Some important vitamins, their sources and diseases caused by their deficiency are listed in Table 14.3.

DNA contains four bases viz. adenine (A), guanine (G), cytosine (C) and thymine (T). RNA also contains four bases, the first three bases are same as in DNA but the fourth one is uracil (U).

14.5.2 Structure of Nucleic Acids

Nucleotides are joined together by phosphodiester linkage between 5′ and 3′ carbon atoms of the pentose sugar. The formation of a typical dinucleotide is shown in Fig. 14.6.

Fig. 14.6: Formation of a dinucleotide

A simplified version of nucleic acid chain is as shown below.

Fig. 14.7: Double strand helix structure for DNA

In secondary structure of RNA single stranded helics is present which sometimes foldsback on itself. RNA molecules are of three types and they perform different functions. They are named as messenger RNA (m-RNA), ribosomal RNA (r-RNA) and transfer RNA (t-RNA).

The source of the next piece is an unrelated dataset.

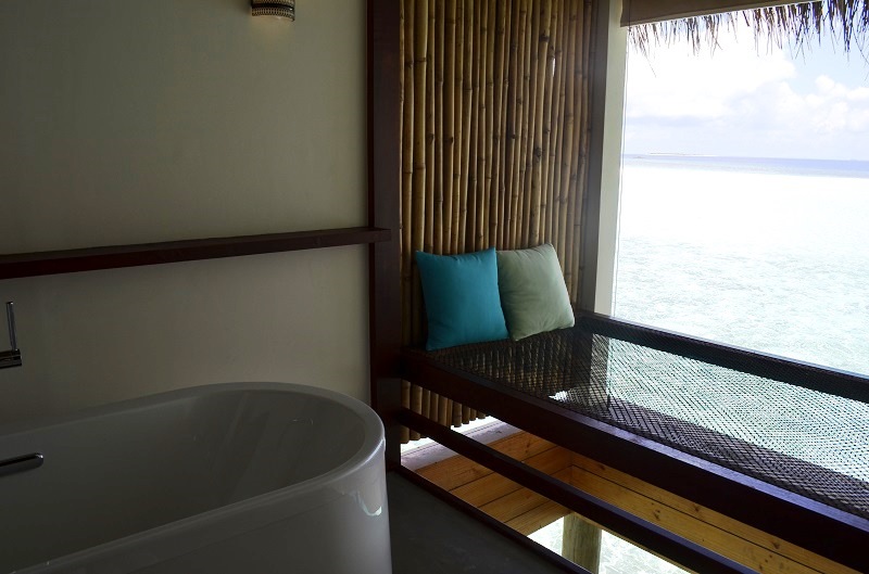 なんと水上ヴィラのバスルームにハンモックがあるという新しい作り!!

14.5.3 Biological Functions of Nucleic Acids

DNA is the chemical basis of heredity and may be regarded as the reserve of genetic information. DNA is exclusively responsible for maintaining the identity of different species of organisms over millions of years. A DNA molecule is capable of self duplication during cell division and identical DNA strands are transferred to daughter cells. Another important function of nucleic acids is the protein synthesis in the cell. Actually, the proteins are synthesised by various RNA molecules in the cell but the message for the synthesis of a particular protein is present in DNA.

14.6 Hormones

Hormones are molecules that act as intercellular messengers. These are produced by endocrine glands in the body and are poured directly in the blood stream which transports them to the site of action.

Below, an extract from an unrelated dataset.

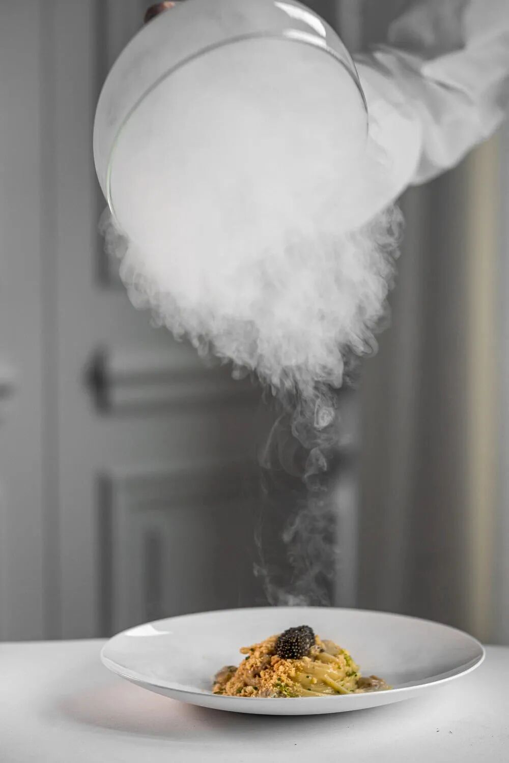 ▲烟熏意式扁面配蛤蜊及鱼子酱
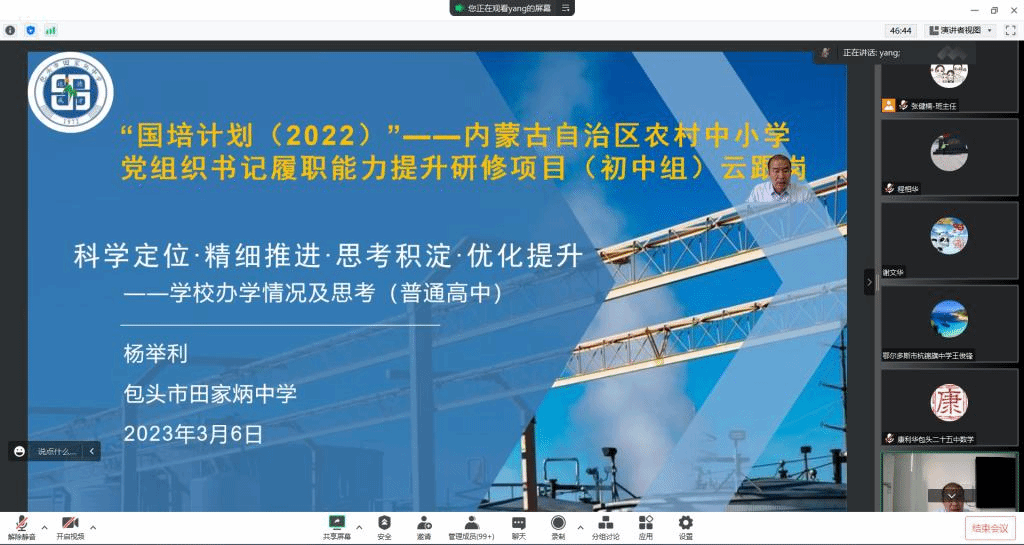 该培训项目已于2022年11月份通过线上的方式,完成了集中授课阶段的培训任务;自3月3日以来,又以线上的方式开展了该项目云跟岗环节的培训任务。云跟岗期间,yl6776永利集团先后邀请6776永利集团附属学校校长苏猛,内蒙古农业大学附属中学党总支书记、校长于涛,内蒙古自治区教育科学研究与监测评估院院长刘彦泽,包头市田家炳中学副校长杨举利,呼和浩特市第三十四中学校长刘涛,呼和浩特市第十六中学校长郑子雷为参训学员进行了实践指导,确保了整体培训工作的顺利实施。

In terms of chemical nature, some of these are steroids, e.g., estrogens and androgens; some are poly peptides for example insulin and endorphins and some others are amino acid derivatives such as epinephrine and norepinephrine.

Hormones have several functions in the body. They help to maintain the balance of biological activities in the body. The role of insulin in keeping the blood glucose level within the narrow limit is an example of this function. Insulin is released in response to the rapid rise in blood glucose level. On the other hand hormone glucagon tends to increase the glucose level in the blood. The two hormones together regulate the glucose level in the blood. Epinephrine and norepinephrine mediate responses to external stimuli. Growth hormones and sex hormones play role in growth and development. Thyroxine produced in the thyroid gland is an iodinated derivative of amino acid tyrosine. Abnormally low level of thyroxine leads to hypothyroidism which is characterised by lethargyness and obesity. Increased level of thyroxine causes hyperthyroidism. Low level of iodine in the diet may lead to hypothyroidism and enlargement of the thyroid gland. This condition is largely being controlled by adding sodium iodide to commercial table salt (“Iodised” salt).

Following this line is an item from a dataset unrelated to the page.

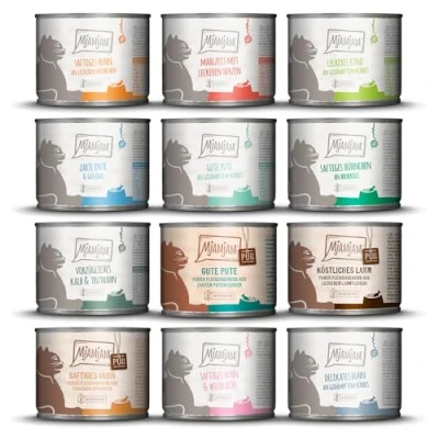 MjAMjAM Premium Wet Food for Cats Delicious Box, Pack of 12 (12 X 200 g), Grain free with Extra Meat
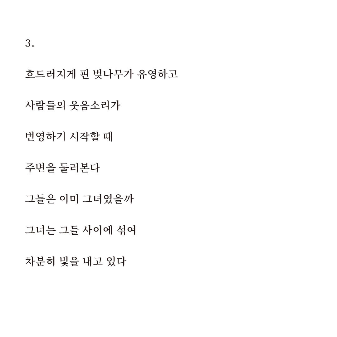 시간이 흐른 만큼 변했다고 여겼지만, 여전히 두려움이 앞서고 그다음 걸음을 주저하게 됩니다. 성장하지 못한 제 모습이 유독 실망스러웠던 날도 있었습니다. 삶이 슬럼프로 향하던 순간에 그녀의 사연을 만나게 되었고, 희망의 단서인 다채의 행보와 함께할 수 있었습니다. 사연 속 순간순간의 장면에 저의 절망과 두려움이 보였기에 시를 기록하는 매 순간이 막중한 책임감으로 다가왔습니다.

Steroid hormones are produced by adrenal cortex and gonads (testes in males and ovaries in females). Hormones released by the adrenal cortex play very important role in the functions of the body. For example, glucocorticoids control the carbohydrate metabolism, modulate inflammatory reactions, and are involved in reactions to stress. The mineralocorticoids control the level of excretion of water and salt by the kidney. If adrenal cortex does not function properly then one of the results may be Addison’s disease characterised by hypoglycemia, weakness and increased susceptibility to stress. The disease is fatal unless it is treated by glucocorticoids and mineralocorticoids. Hormones released by gonads are responsible for development of secondary sex characters. Testosterone is the major sex hormone produced in males. It is responsible for development of secondary male characteristics (deep voice, facial hair, general physical constitution) and estradiol is the main female sex hormone. It is responsible for development of secondary female characteristics and participates in the control of menstrual cycle. Progesterone is responsible for preparing the uterus for implantation of fertilised egg.